A principal pergunta que muitos brasileiros se fazem hoje é se a presidente continuará com essa limpeza. Ela explicou em certa ocasião o sentido dessa luta, que não é só ético, mas também pragmático: "Precisamos responder às demandas de um país emergente profissionalizando o serviço público, promovendo as pessoas de acordo com seu mérito". "Nenhum país alcançou um alto nível de desenvolvimento sem reformar o serviço público", insistiu recentemente. No Brasil, todo mundo sabe que essa reforma passa necessariamente por diminuir os níveis de corrupção e a grande maioria apoia os passos que ela está dando nesse caminho, entre eles a batalha que acaba de lançar contra os supersalários de políticos e altos funcionários, que podem superar os 25 mil euros mensais em um país onde um salário normal beira os 300 euros.

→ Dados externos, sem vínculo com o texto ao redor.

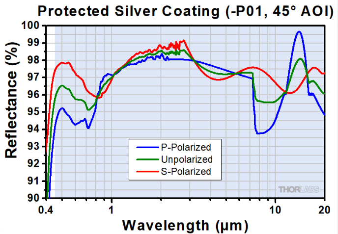 | 涂层 | 受保护的铝 (产品编号以 -G01 结尾) | 受保护的银 (商品编号以 -P01 结尾) | 受保护的黄金 (商品编号以 -M01 结尾) |
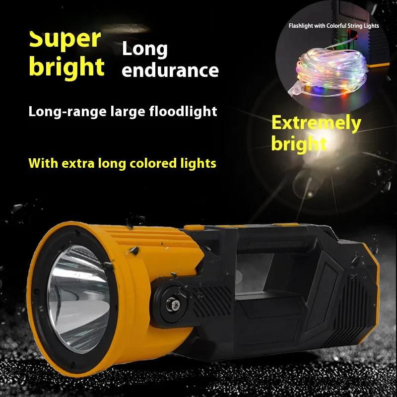 High Power LED Searchlight Multifunctional Torch Head 90° Rotatable With Colorful Strip Light Outdoor Camping Light

Dentro dessa linha se pode inscrever sua resistência total a qualquer projeto que pretenda regulamentar a partir do poder o controle dos meios de comunicação. No 4º Congresso do PT, em setembro, houve sérias tentativas de promover uma lei "para a regulamentação social da mídia", inspirada em outras leis que foram surgindo nos últimos tempos na vizinha Argentina e em outros países latino-americanos. "Não conheço outro controle da mídia que não seja o controle remoto da televisão", brincou a presidente.
Em somente dez meses, Dilma Rousseff introduziu numerosas mudanças, muitas delas discretas, com seu habitual estilo sério e, às vezes, inclusive áspero. Ninguém lembra mais que na noite de sua vitória eleitoral praticamente toda a mídia brasileira falou na "vitória de Lula", ignorando a própria vencedora. A única elegante foi Marina Silva, a ex-ministra que dirige o movimento ecologista, que a saudou como "a presidente de todos os brasileiros" e lhe desejou sorte. "É verdade que Dilma não teria ganhado as eleições sem o apoio, militante e dedicado, de Lula, mas também o é que para governar o Brasil não basta esse apoio. É preciso muito mais", reconhece um ministro de seu gabinete.
Embora seja verdade que Dilma não mudou de caráter conforme galgava os degraus do poder, também o é que seu aspecto físico passou por uma notável transformação, sobretudo depois de sofrer um câncer linfático, felizmente superado. As fotos demonstram que a presidente brasileira usa um corte de cabelo muito mais moderno do que o ostentado alguns anos atrás, de uma cor um pouco mais clara; que corrigiu sua forte miopia para suprimir os grandes óculos de sua juventude e que, como muitas compatriotas, recorreu à cirurgia estética para eliminar rugas e olheiras. Tomou posse vestida de branco e hoje frequenta "tailleurs" de corte formal, mas de cores vivas.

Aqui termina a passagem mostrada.